A MORT LE FOOT (Pierre Desproge)
Voici bientôt quatre longues semaines que les gens normaux subissent à longueur d'antenne les dégradantes contorsions manchotes des hordes encaleçonnées sudoripares qui se disputent sur gazon l'honneur minuscule d'être champions de la balle au pied.
Voilà bien la différence entre le singe et le footballeur. Le premier a trop de mains ou pas assez de pieds pour s'abaisser à jouer au football.
Je vous hais, footballers. Vous ne m'avez fait vibrer qu'une fois : le jour où j'ai appris que vous aviez attrape la chiasse mexicaine en suçant des frites aztèques. J'eusse aimé que les amibes vous coupassent les pattes jusqu'à la fin du tournoi. Mais Dieu n'a pas voulu. Ça ne m'a pas surpris de sa part. Il est des vôtres. Il est comme vous. Il est partout, tout le temps, quoi qu'on fasse et où qu'on se planque on ne peut y échapper.
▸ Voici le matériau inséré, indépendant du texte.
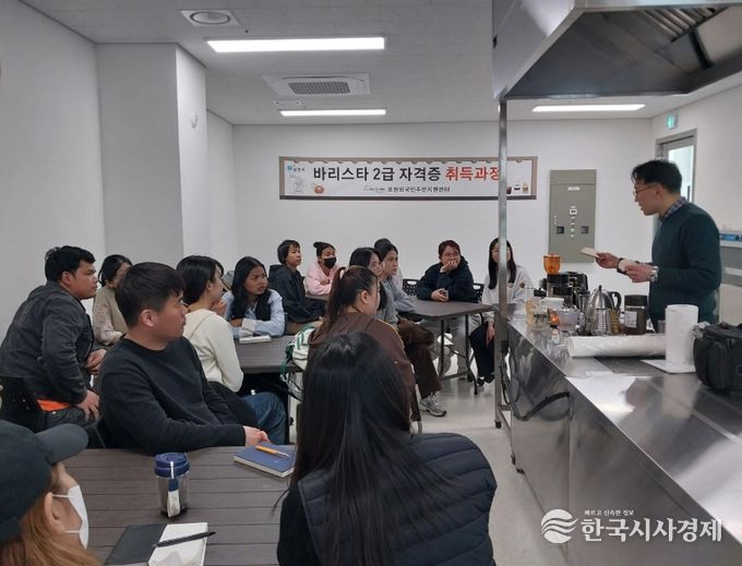 한국시사경제 경기북부취재본부 | 포천시는 지난 21일 외국인주민의 안정적인 지역사회 정착과 취업 역량 강화를 위한 ‘바리스타 2급 자격증 취득과정’을 개설하고 첫 수업을 진행했다.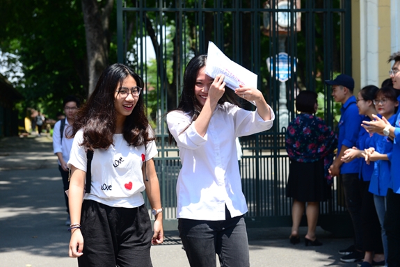 Phần lớn các em đều phấn khởi sau khi hoàn thành bài thi ở tổ hợp Khoa học tự nhiên. |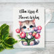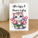 Envoyez un bouquet de joie pure avec cette adorable carte de vœux illustrée d'un chaton ! Représentant un chaton irrésistiblement mignon aux grands yeux tenant un bouquet vibrant de tulipes roses et violettes, ce design fantaisiste est parfait pour toute occasion qui appelle la douceur et les sourires. Le recto indique "Câlins de chaton et vœux fleuris" dans une élégante écriture ludique.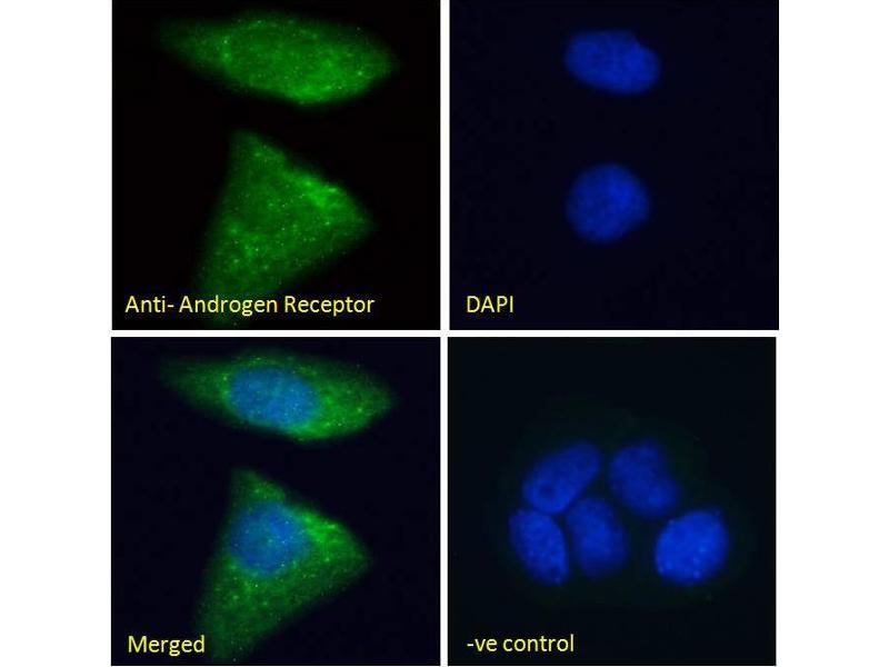 Chromatin Immunoprecipitation: A six-fold increased presence of the FKBP5 locus observed when comparing the precipitations using EB06441 with non-specific goat IgG to bring down Androgen Receptor in a chromatin lysate from DHT-stimulated HEC50 cells.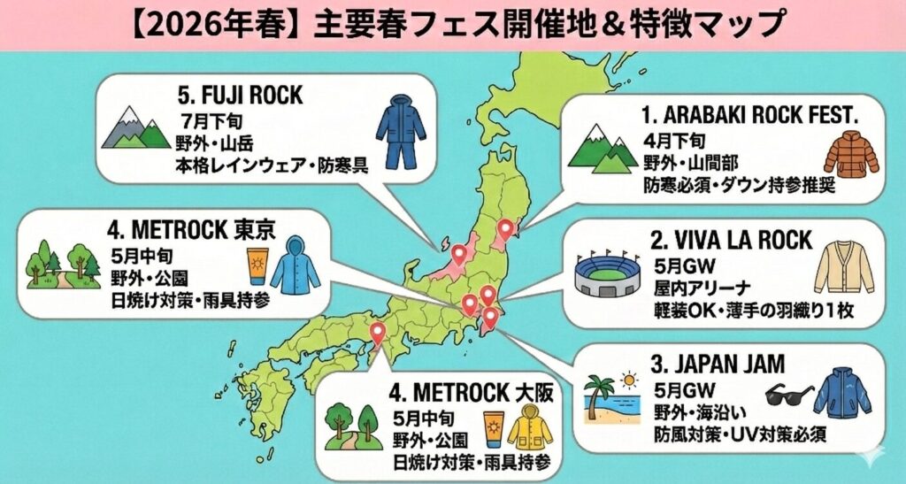 - 寒暖差リスク:日中と夜間で10〜15℃の気温差が発生することも。特に4月の東北開催フェスや山間部は要注意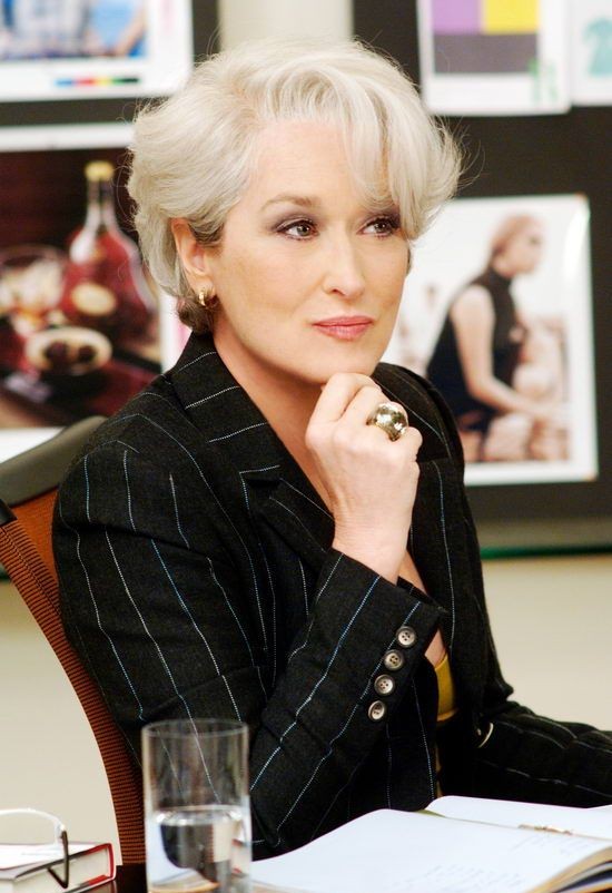 We’ve known Meryl as blond in so many movies, but as soon as she hit the big skin with that fierce gray and white look from The Devil Wears Prada, we learned that gray hair is pretty much the most fashion thing ever. Today she’s all about keeping it natural.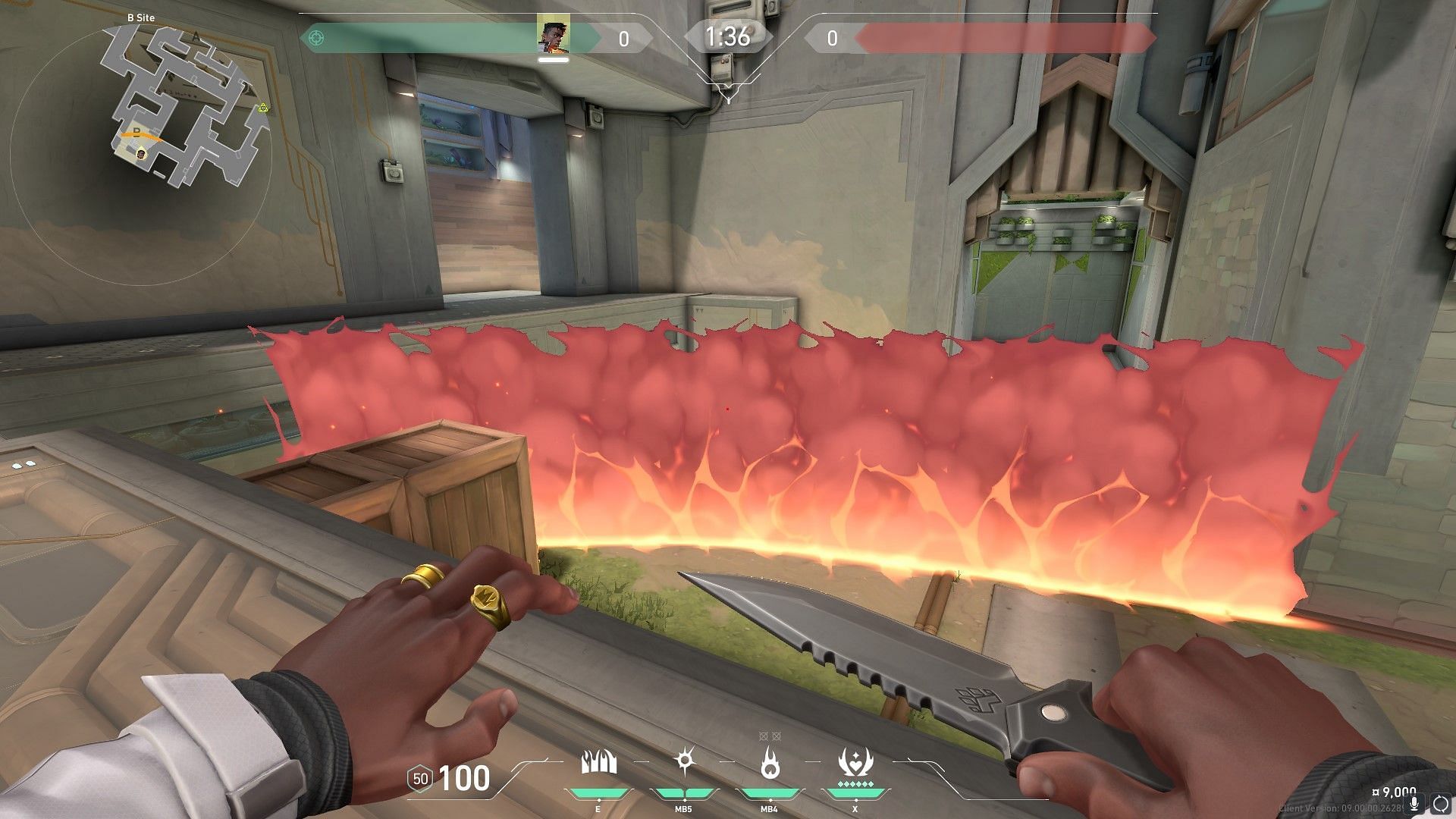 Burst on to the site with your team in the toe and get those aggressive frags. But one can't simply do that by standing out in the open. This is where your Blaze ability comes in clutch. Just throw up this flame wall as shown in the images below to take quick and easy map control.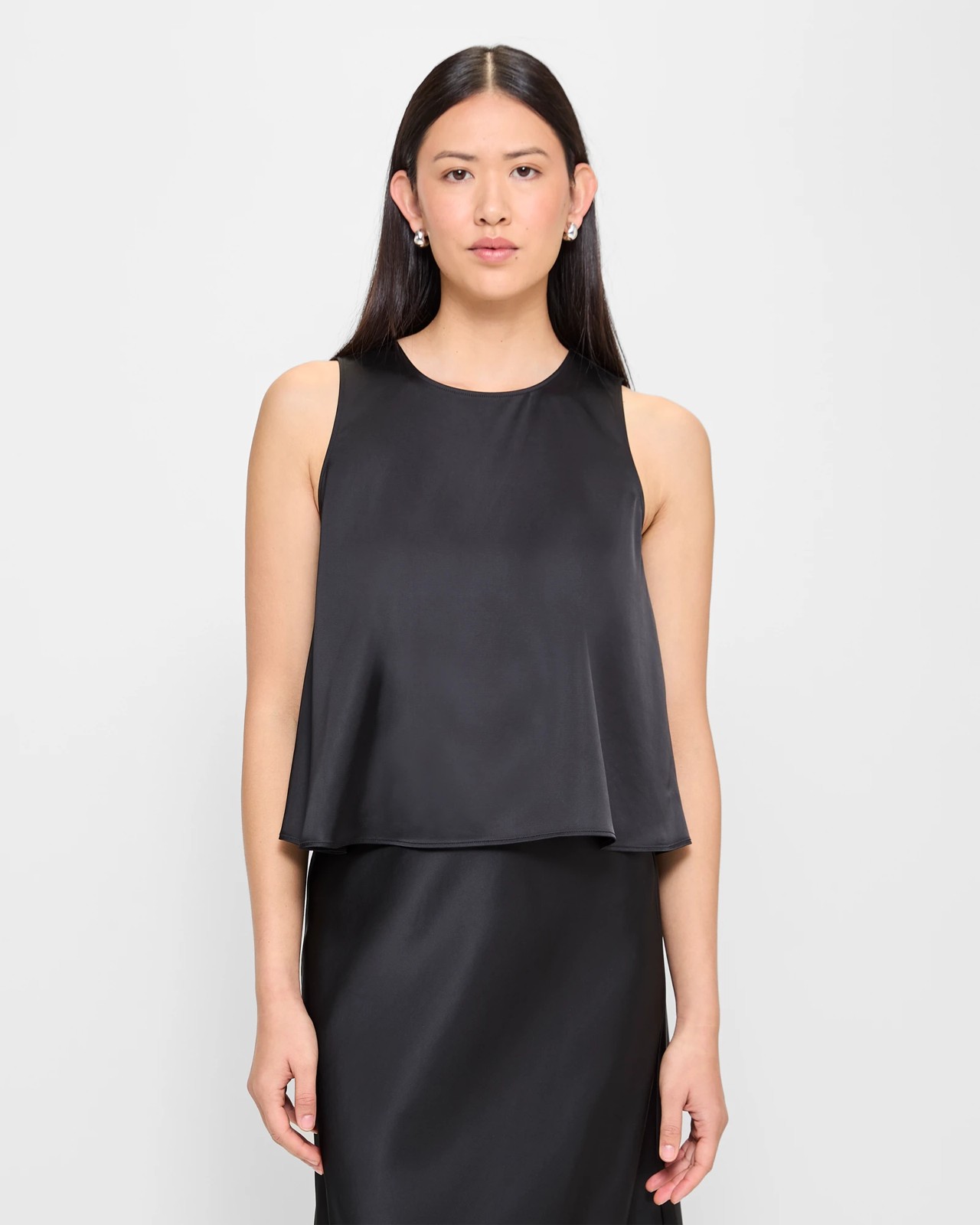 Introducing our Sleeveless Satin Shell Top by Preview. Crafted from a luxurious and stretchy polyester blend, with a hint of recycled materials. The satin finish adds elegance to your look, while the A-line cut and curved hemline create a flattering silhouette. Complete with a round neckline and a convenient back button closure. Elevate your wardrobe with comfort and style. Try the preview shell top today!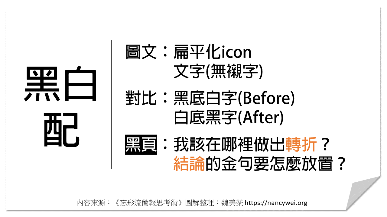 在一邊整理筆記的時候,就會忍不住去想,怎麼讓這份筆記更具備架構性,我得說真是越做越有FU,忘形流裡面也很強調金句,做著做著忍不住就會去想,怎麼樣用念起來會更順,當然這是題外話啦,但「選圖」、「用字」、「黑白配」這幾個詞就在製作忘形流的簡報中生出來了。
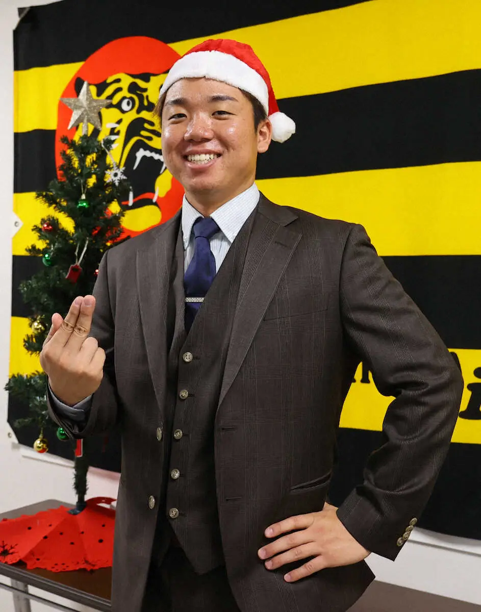 <阪神契約更改>球団史上最高アップ率で契約更改した村上がサンタ姿で淡路島ポーズを見せる(撮影・岸 良祐)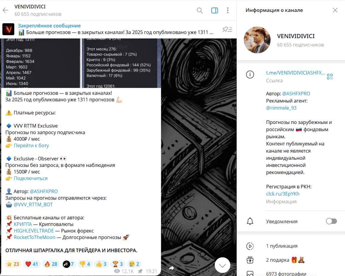 На волне популярности Telegram-аналитики многие каналы стали продавать доступ к «эксклюзивным прогнозам» и «точным сигналам». Одним из таких проектов стал VENIVIDIVICI — канал с десятками тысяч подписчиков, где автор под ником ASHFXPRO публикует технические прогнозы по акциям и криптовалютам.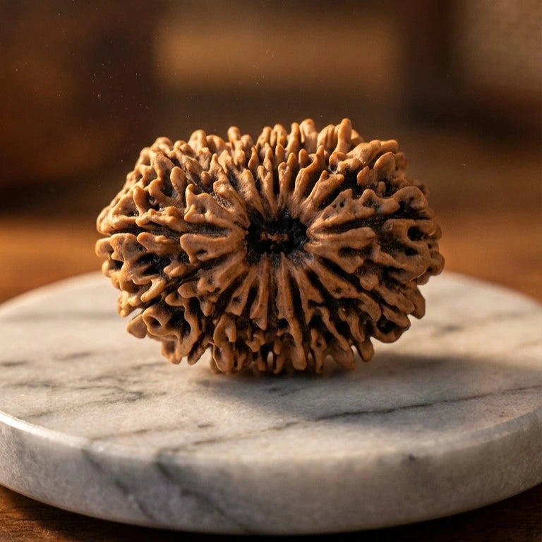 The 16 Mukhi Rudraksha carries the divine grace of Shri Ram and is traditionally linked with the Moon โ the planet of emotions and psychological stability. This sacred bead is regarded as a symbol of protection, dignity, and harmonious living.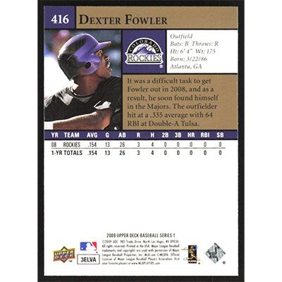 This is a 2009 Upper Deck Dexter Fowler baseball card. The card is #416 and pictures show condition.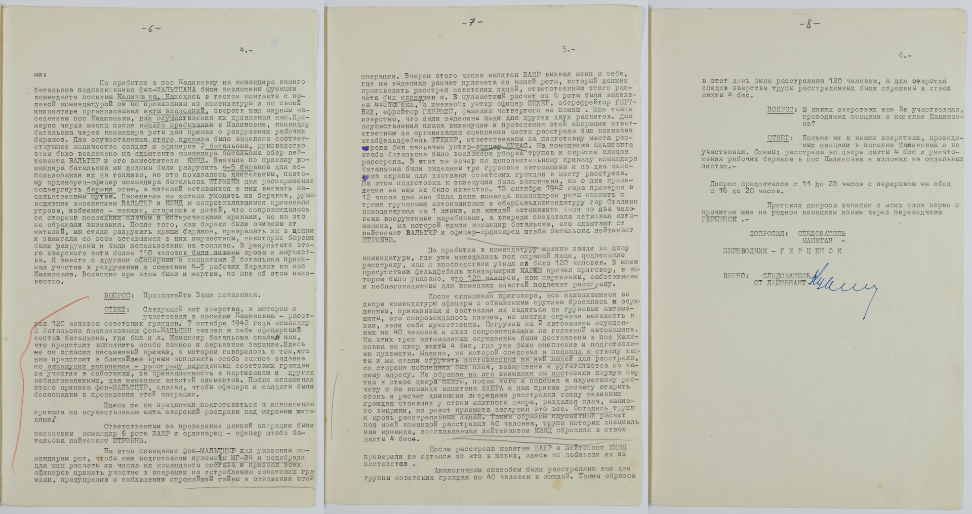 «13 октября 1942 года, примерно в 12 часов дня, мне была дана команда командиром роты выехать с тремя грузовыми автомашинами в оберфельдкомендатуру гор. Сталино… По прибытии в комендатуру машины зашли во двор, где уже находились под охраной люди, подлежащие расстрелу, как я впоследствии узнал, их было 120 человек...

Quand j'étais petit garçon, je me suis cru longtemps anormal parce que je vous repoussais déjà. Je refusais systématiquement de jouer au foot à l'école ou dans la rue. On me disait : Ah, la fille ! ou bien Tiens, il est malade, tellement l'idée d'anormalité est solidement solidaire de la non-footballité.
Je vous emmerde. Je n'ai jamais été malade. Quand à la féninité que vous subodoriez, elle est toujours en moi. Et me pousse aux temps chauds à rechercher la compagnie des femmes. Y compris celle des vôtres que je ne rechigne pas à culbuter quand vous vibrez aux stades.